● **EXERCISE BRIEF**: Word-for-word repetition of the records below is needed, but only from the line holding "Çocukları ve torunlarının" through the final line, with pictures excluded.
***** DATA EXTRACT
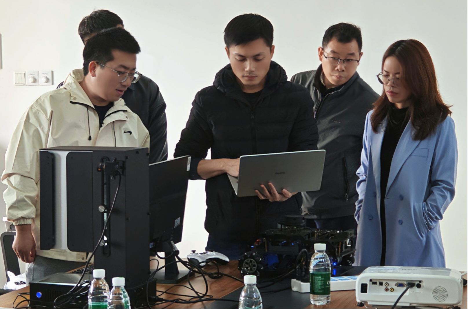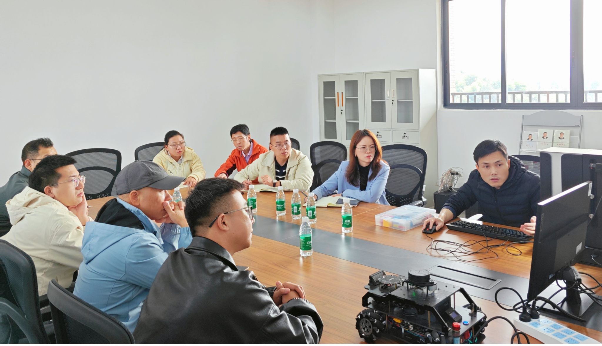 会上,联合伟世团队带来了先进的设备和技术,详细讲解了设备的使用方法,并进行了现场演示。梁经理表示,联合伟世将全力支持学院师生备战大赛,提供技术支持和培训服务。会议结束后,企业方将设备留在了学院,以便师生更好地学习和实践。
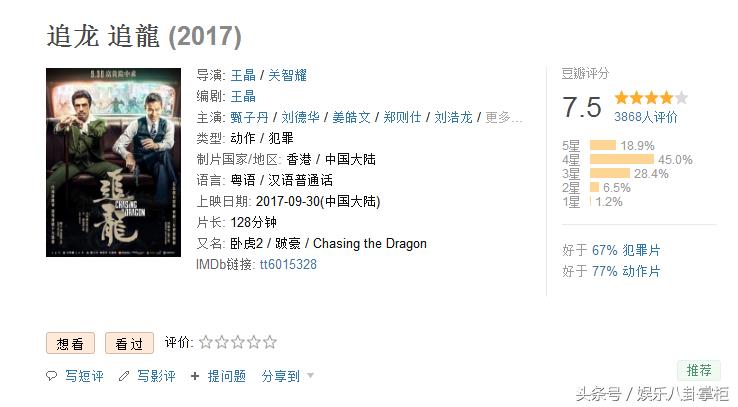 豆瓣评分7.5!刘德华甄子丹的《追龙》好看得不像“王晶之作”
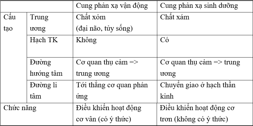 - Phân biệt được phản xạ sinh dưỡng và phản xạ vận động
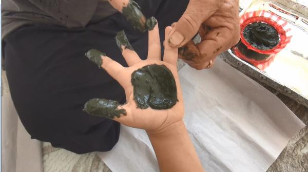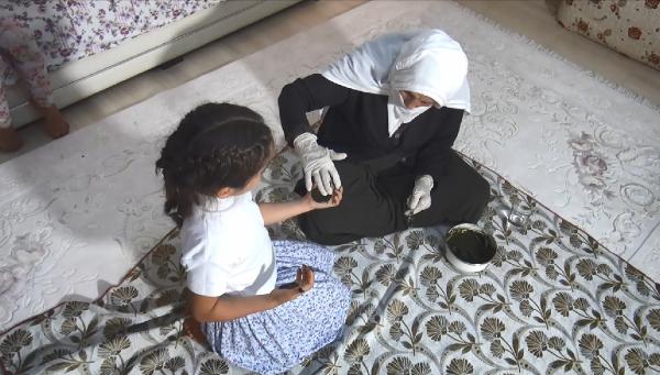 Çocukları ve torunlarının ellerine kına yakan Elif Direkçi, “Ellere kına yakılması bizler çocukken de vardı. Annelerimiz anlatırdı, onların da anneleri ellerine bayram yaklaştığında kına kayardı. Biz her bayram yaklaştığında annemize ‘Hadi elimize kına yak’ diye sürekli söylerdik. Ellerimize kına yaktıklarında çok mutlu olurduk. Şimdi de çocuklarımızın, torunlarımızın ellerine kına yaktığımızda çok seviniyorlar. Bayramlarımızın bir geleneğidir. Her bayram bunu yaparız” dedi.
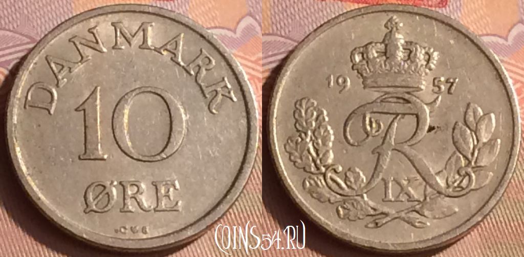 Дания 10 эре 1957 года, KM# 841, 431-021
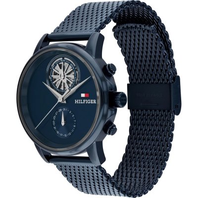 Este reloj marca Tommy Hilfiger tiene una caja de Inox con un diámetro de 40 mm y cuenta con una correa de metal. Dentro de la caja se encuentra un mecanismo de Seiko Instruments Inc. de alta calidad el cual esta protegido por un cristal Mineral.
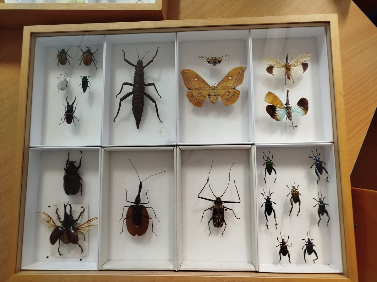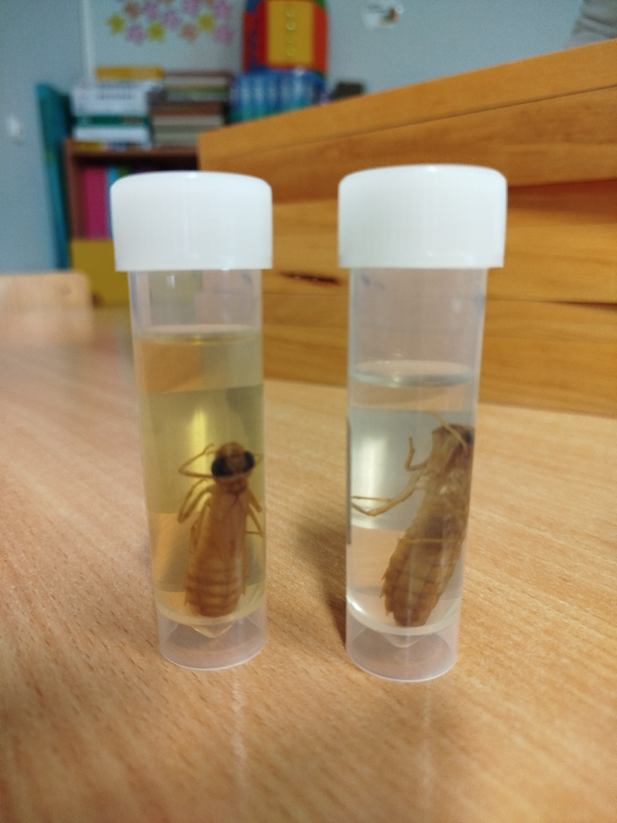 Przedszkolaki miały również okazję obejrzeć owady w profesjonalnych, drewnianych gablotach oraz zobaczyć prezentację multimedialną. Duże wrażenie zrobiła na nich także wylinka owada, którą mogły zobaczyć z bliska.
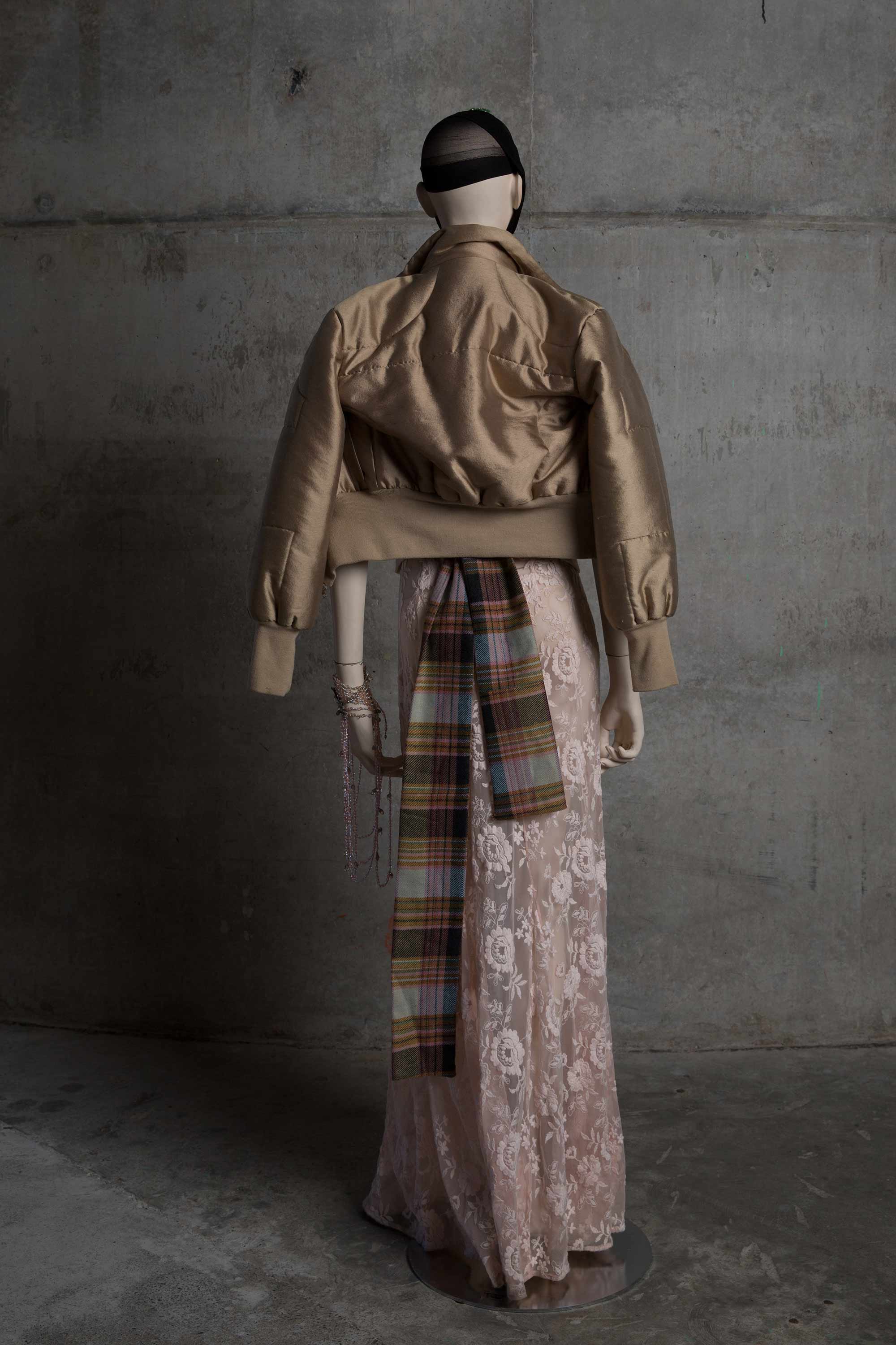 Padded silk wool (Chrysalis jacket), wool blend (Peplum jacket), nylon/cotton lace (Valentine dress), tartan wool and satin-backed crepe (scarf)
**********
● **OUTPUT OF THE TASK**:
 Çocukları ve torunlarının ellerine kına yakan Elif Direkçi, “Ellere kına yakılması bizler çocukken de vardı. Annelerimiz anlatırdı, onların da anneleri ellerine bayram yaklaştığında kına kayardı. Biz her bayram yaklaştığında annemize ‘Hadi elimize kına yak’ diye sürekli söylerdik. Ellerimize kına yaktıklarında çok mutlu olurduk. Şimdi de çocuklarımızın, torunlarımızın ellerine kına yaktığımızda çok seviniyorlar. Bayramlarımızın bir geleneğidir. Her bayram bunu yaparız” dedi.
 Дания 10 эре 1957 года, KM# 841, 431-021
 Este reloj marca Tommy Hilfiger tiene una caja de Inox con un diámetro de 40 mm y cuenta con una correa de metal. Dentro de la caja se encuentra un mecanismo de Seiko Instruments Inc. de alta calidad el cual esta protegido por un cristal Mineral.
 Przedszkolaki miały również okazję obejrzeć owady w profesjonalnych, drewnianych gablotach oraz zobaczyć prezentację multimedialną. Duże wrażenie zrobiła na nich także wylinka owada, którą mogły zobaczyć z bliska.
 Padded silk wool (Chrysalis jacket), wool blend (Peplum jacket), nylon/cotton lace (Valentine dress), tartan wool and satin-backed crepe (scarf)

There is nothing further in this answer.